In a milestone for press freedom, reporters covering political protests will be allowed to enter areas closed to the general public without interference from cops in California. The law, taking effect in January, extends protections that reporters already have in emergency zones—like wildfires and evacuation sites—to rallies and demonstrations. One would’ve thought this was constitutionally protected practice, but state and local laws shake out variably. Arrests and assaults have recently included a radio journalist shot in the throat by a rubber bullet; a photographer shot at by rubber bullets while wearing a press pass and a visible press jacket; and the zip-tying of a reporter who’d identified himself as a member of the press.
Opposing the law were police chiefs’ groups and other officers claiming that giving “nearly unfettered access to an emergency” zone could imperil law enforcement. But the measure passed with overwhelming majorities, and reporters will be shielded from citation for refusing to disperse or violating curfew.
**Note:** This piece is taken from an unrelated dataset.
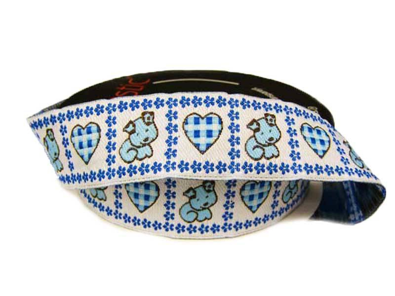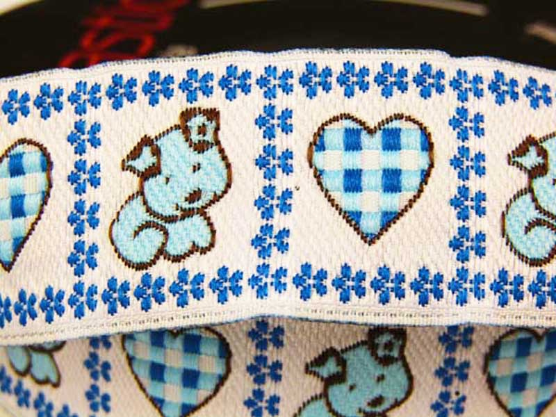 - Taśma żakardowa z pięknie haftowanym motywem na niebieskim tle.

Harm’s way isn’t new to reporters in conflict zones. But the hazards were pronounced during last year’s protests. As Mother Jones contributor Wil Sands documented in a powerful photoessay, he and others have unwillingly joined what they call the Shot in the Eye club. During the uprising, the group’s members—across the country—were hit with “less lethal” ammunition in the face. After losing his retina to a tear gas canister while photographing a protest, he began organizing. His photos are a jolting reminder of what’s on the line.
One more for press freedom: The Nobel Peace Prize was awarded days ago to two reporters fighting authoritarianism, Maria Ressa of the Philippines and Dmitri A. Muratov of Russia, honored for uncovering corrupt forces hostile to public disclosure.